I went to the men's room, changed my shirt, looked at myself in the mirror and got psyched up. All right, I said to myself. Let's do this.
This is me with Timmy and Sammy. We have a special relationship: Timmy was the first person ever to volunteer to play this game. Sammy was the second volunteer, and won. But Timmy started the ball rolling. As a game designer and the first person who ever played it, there is a special bond between me and Timmy and I'll always be grateful.
That first day, the game went fine. The questions were way too hard, I wasn't using the buzzer system in the easiest possible way, and I was perspiring like I was under hot lights, which I kind of was.
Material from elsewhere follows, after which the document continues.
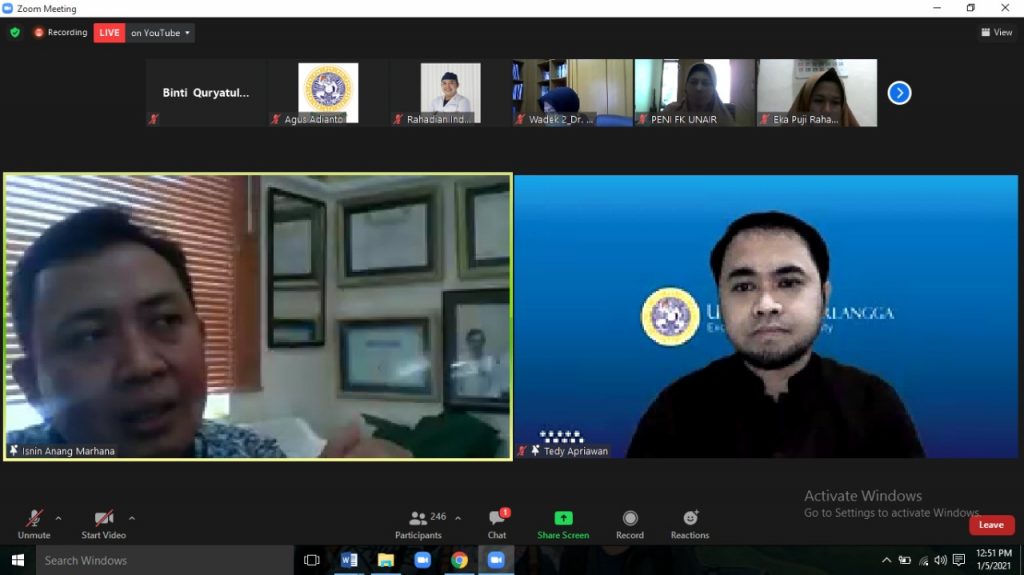 Anticipating this issue, Universitas Airlangga through the Faculty of Medicine holds a special online seminar (webinar) for administrative staff. The webinar discussing anticipative measures for the spread of Covid-19 was held on Tuesday afternoon, January 5, 2021. Attending as speaker in the webinar was dr Isnin Anang M SpP (K) and dr Tedy Apriawan SpBS (K) as moderator.

But we had some fun and we discovered that the game wasn't broken. It was a thing.
On the second day, after spending a late night with Wikipedia and editing material from day 1, we began with a better collection of material. And this was when we began to relax a bit and have some fun. This was also the day we had our best contestant, Adam, who was there with his game Love in a Dangerous Spacetime. He knows a LOT about video games!
Another of my favorite moments came on Day 2. We had our first female contestant, Ryan, who volunteered without knowing what she was signing up for. Once she discovered it was a quiz about video games she turned pale, claiming not to know anything about the topic. But she was the only person who buzzed in and answered correctly that the name of the classic PC game where an abominable snowman chases down and eats the player is SkiFree! And then her avatar, James, whom I had coached earlier, pretended to be lost and not know where to go on the game board. I invited Ryan to go take him by the hand and lead him there, but instead she put James on her back and carried him the two feet to the next stripe on the game board!.
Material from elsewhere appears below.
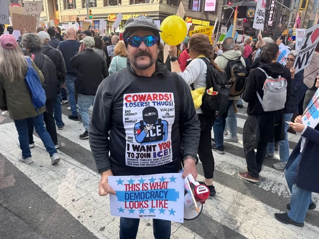 Thousands packed New York City’s iconic Times Square and streets all around, with people holding signs with slogans like “Democracy not Monarchy” and “The Constitution is not optional”.

Another memorable moment was when Sarah sang the song that made her famous, the theme to "Spaceteam." Spacetheme, I guess.
By the third day, we were really cooking. We had our routine down, there were audience members (women) who had come just to see the avatars, and we had some returning players defending their titles in a championship battle with a lot of right answers coming fast and furious and exciting, strategic gameplay.
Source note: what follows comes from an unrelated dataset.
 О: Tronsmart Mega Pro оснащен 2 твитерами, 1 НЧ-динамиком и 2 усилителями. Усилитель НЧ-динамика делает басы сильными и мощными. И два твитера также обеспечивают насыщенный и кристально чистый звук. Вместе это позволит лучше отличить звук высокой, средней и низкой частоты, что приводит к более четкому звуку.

By the third day, we were getting some press on some blogs, which was great. And Adam, defending his championship from the day before, won the game by answering the last question I had in my binder. What a squeaker!
Unsurprisingly, nothing changed. Booth babe culture did not shrivel up and die, and the men who see nothing wrong with the women being objectified didn't change their opinions because of our little stunt.
I was actually hoping to attract some negative attention from people who didn't like the game. I wanted to get the chance to be brave like Annita Sarkezian and fight off the trolls. That didn't happen. Maybe I got a pass because I'm a man. But I wanted people to attack me and suggest that I am gay or insecure in my masculinity. I had good answers ready for those things.
But we did what we set out to do: designed a game intended to make things more fair and to bring a different tenor to the conversation about models at trade shows. Judging by the comments on the other blogs, I'd say we succeeded.
Thanks to everybody who made this cockamamie scheme a reality. Now who wants to help us to produce GDCegomania?